Hi, I'm an only child, I just celebrated my 1 year anniversary with my husband. Since the age of 9 I've been pretty isolated from the rest of my family, my parents moved us from Mississippi to Texas and I ended up spending the rest of my childhood looking to fill the void with friend groups. It was tough, but I was able to get through that, and build lots of friendships over the years.
I'm lucky that my husband's family is so welcoming and understanding of who I am as a person, I say this because my parents are not as understanding. A few years ago I had confided in my mother and told her that I didn't think that motherhood was for me.

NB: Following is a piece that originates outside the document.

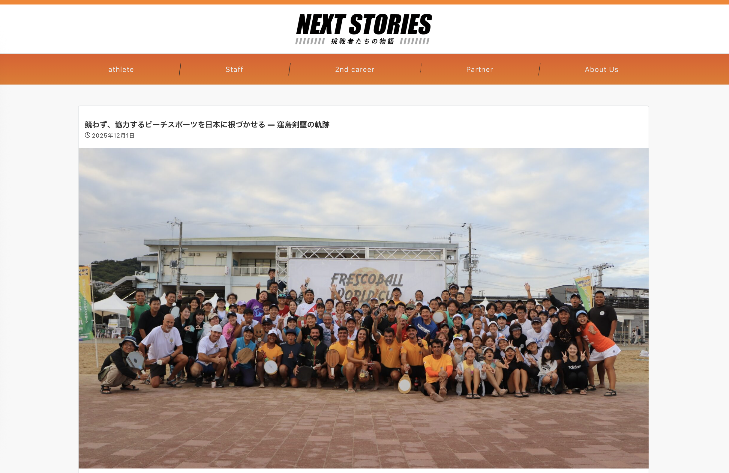 スポーツ系webメディア「NEXT STORIES」にて、日本フレスコボール協会・代表理事の窪島剣璽がインタビューを受けました。テーマは、「競わず、協力するビーチスポーツを日本に根づかせる — 窪島剣璽の軌跡」。ぜひご覧ください。

She told me I was selfish, and that not having children was evil and cried for the next few hours.
Per true dysfunctional family form, we had basically brushed that incident under the rug until the weeks before my wedding when we took a mother-daughter trip, I once again confided that I do not have a desire to have children, I also told her that my religious beliefs had changed and I no longer shared her views. She basically told me that she would have enough faith for the both of us and would pray that I'd be fixed, this was followed by more crying.
And now, after the first year of marriage, the pressure is starting to mount, most of my cousins have children, and my mom has an insatiable need to be connected to a big family, I can feel her heart break whenever she visits my cousins and gets to spend time with their new babies. My husband is amazingly supportive and wonderful, he respects me and my choices, but somehow I still feel so alone. I don't know why there is so much pressure put on women to want to be mothers. I was wondering if any other only children or if anyone had any advice for how to deal with parents pressuring you to have children.